=== Records shown ===

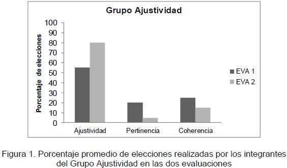 En el caso del grupo Ajustividad, durante la evaluación 1, los integrantes eligieron en promedio el 55% de los ejercicios cuyas opciones de respuesta estaban estructuradas con base en el criterio de Ajustividad. Mientras que en la evaluación 2 eligieron el 80% de las opciones que se correspondían con Ajustividad, presentando un aumento del 25% en la elección de opciones de respuestas estructuradas con dicho criterio después del entrenamiento. Es decir, en este grupo hubo una correspondencia entre el tipo de entrenamiento recibido y el tipo de opciones elegidas en la segunda evaluación. Mientras que en las opciones elegidas con base en los otros criterios disminuyeron en ambos tipos de opciones, en el caso de opciones con base en el criterio de Pertinencia, los integrantes de este grupo pasaron de 20% en la evaluación 1 a 5% en la evaluación 2, mientras que en las opciones elegidas con base en el criterio de Coherencia pasaron de 25% en la evaluación 1 a 15% en la Evaluación 2 (ver Figura 1).
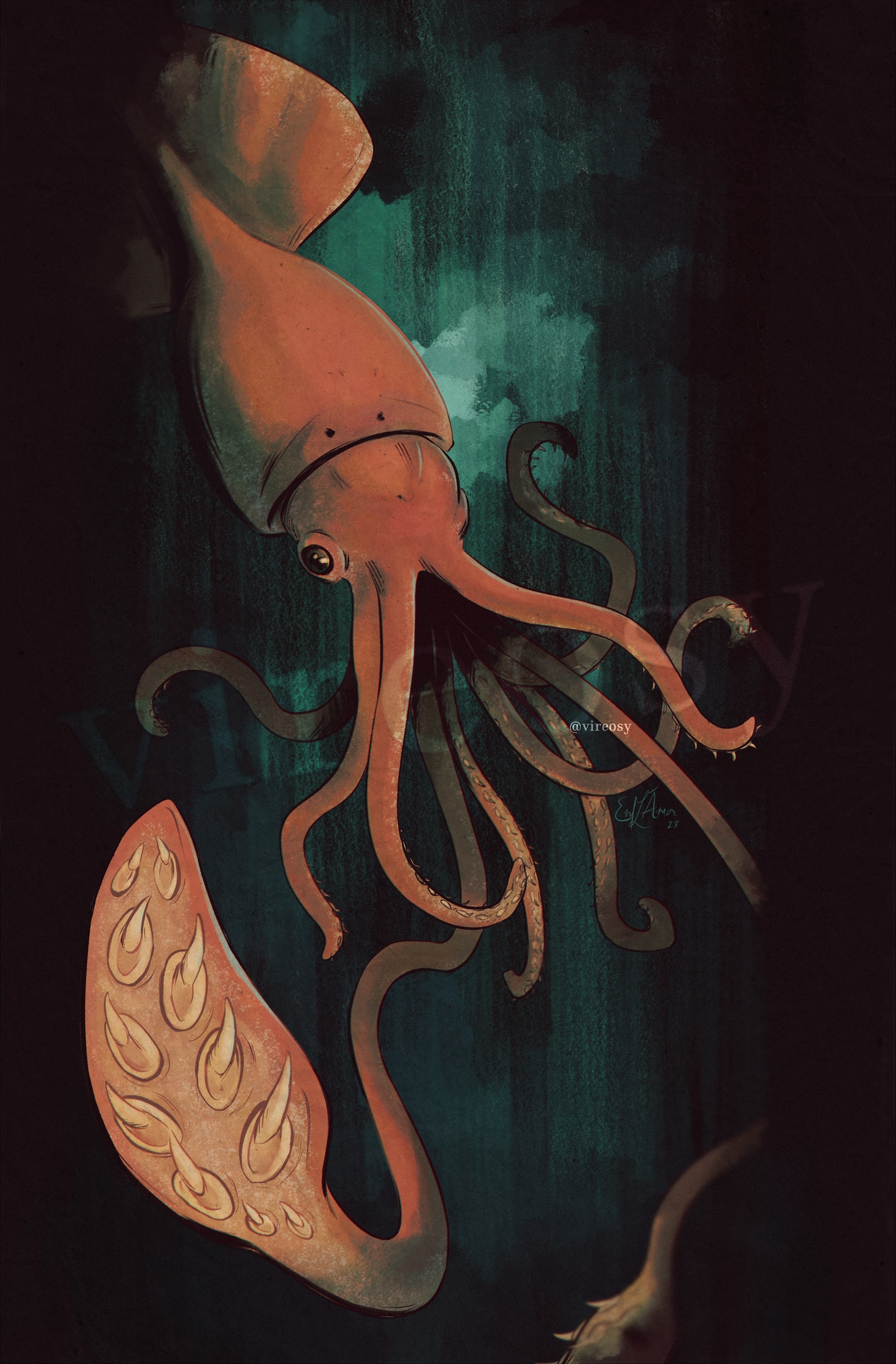 This piece is on Inprnt: https://www.inprnt.com/gallery/vireosy/colossal-squid/Colossal squid drawn for Polar Lights (2023 March) The colossal squid (_Mesonychoteuthis hamiltoni_) is a rarely seen and relatively unknown cephalopod inhabiting the depths of the Southern Ocean. Like its cousin the giant squid, colossal squid exhibit abyssal gigantism, though the colossal squid is the heavier of the two. It is also the only squid in the family Cranchiidae to have hooks equipped on its arms and tentacles. This piece is on Inprnt: https://www.inprnt.com/gallery/vireosy/colossal-squid/0 Comments 0 Shares 9 Views -
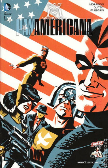 "IN WHICH WE BURN" Brace yourselves for the next exciting chapter of THE MULTIVERSITY as the acclaimed ALL-STAR SUPERMAN team of writer Grant Morrison and artist Frank Quitely investigate the conspiracy on Earth 4, home of Pax Americana! Told backwards through an experimental storytelling technique that reveals new mysteries with each turn of the page, PAX AMERICANA stars The Question, Blue Beetle, Captain Atom, Nightshade and Peacemaker like you've never seen them before! As the assassination of the U.S. president leads to political intrigue, interpersonal drama and astro-physical wonder, the truth behind the crime and those involved will blow your mind! What confidential conversation between the president and Captain Atom could reveal everything? How far will The Question take his hunt for the truth before he hurts his former friends - or himself? And who is the steel-handed bogeyman operating in the shadows? Discover all this and more in this exciting stand-alone issue which also acts as chapter four of the MULTIVERSITY storyline. Join us, if your dare, for THE MULTIVERSITY!
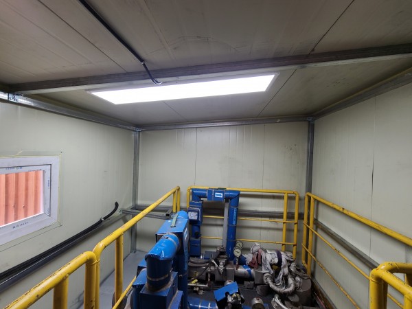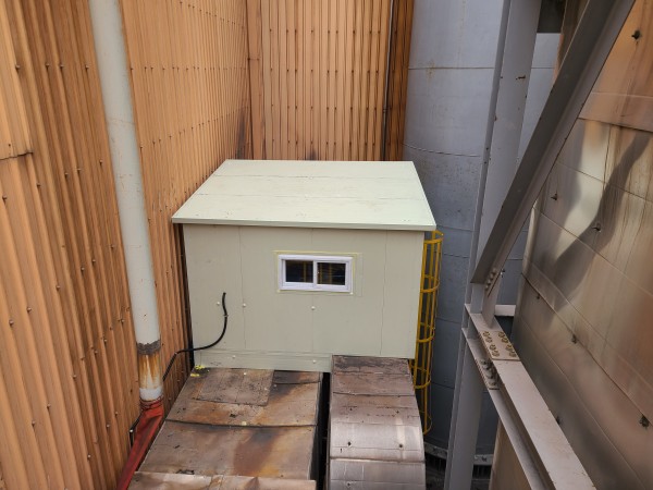 냉각수 분사부 설비기계에 빗물 노출 방지를 위하여 샌드위치판넬로 ROOM 설치 공사를 하였다.
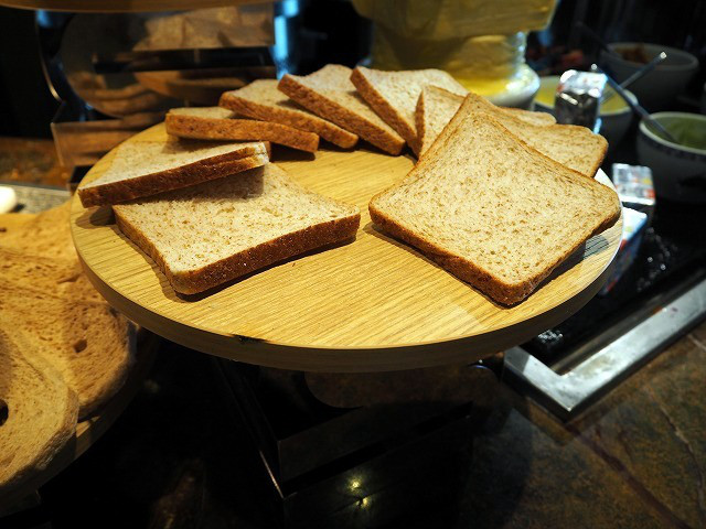 そのほか、パンコーナーには、ベーグル、バゲット、デニッシュなど、魅力的なパンが並んでいます。朝ごはんならよかったのにと思う美味しそうなパンですが、今日は他のお料理を試したく、ぐっと我慢です。カヤトースト用の薄切りパンもあります。思わず手に取ってしまいそうでしたが、やめておきました。デザートが充実しているので、ここでカヤトーストを食べてはいけません(笑)

===

§ **Task goal**
Print the data above verbatim from the first line through the line holding "squid drawn for", leaving every picture out.

§ **Problem solution**
 En el caso del grupo Ajustividad, durante la evaluación 1, los integrantes eligieron en promedio el 55% de los ejercicios cuyas opciones de respuesta estaban estructuradas con base en el criterio de Ajustividad. Mientras que en la evaluación 2 eligieron el 80% de las opciones que se correspondían con Ajustividad, presentando un aumento del 25% en la elección de opciones de respuestas estructuradas con dicho criterio después del entrenamiento. Es decir, en este grupo hubo una correspondencia entre el tipo de entrenamiento recibido y el tipo de opciones elegidas en la segunda evaluación. Mientras que en las opciones elegidas con base en los otros criterios disminuyeron en ambos tipos de opciones, en el caso de opciones con base en el criterio de Pertinencia, los integrantes de este grupo pasaron de 20% en la evaluación 1 a 5% en la evaluación 2, mientras que en las opciones elegidas con base en el criterio de Coherencia pasaron de 25% en la evaluación 1 a 15% en la Evaluación 2 (ver Figura 1).
 This piece is on Inprnt: https://www.inprnt.com/gallery/vireosy/colossal-squid/Colossal squid drawn for Polar Lights (2023 March) The colossal squid (_Mesonychoteuthis hamiltoni_) is a rarely seen and relatively unknown cephalopod inhabiting the depths of the Southern Ocean. Like its cousin the giant squid, colossal squid exhibit abyssal gigantism, though the colossal squid is the heavier of the two. It is also the only squid in the family Cranchiidae to have hooks equipped on its arms and tentacles. This piece is on Inprnt: https://www.inprnt.com/gallery/vireosy/colossal-squid/0 Comments 0 Shares 9 Views -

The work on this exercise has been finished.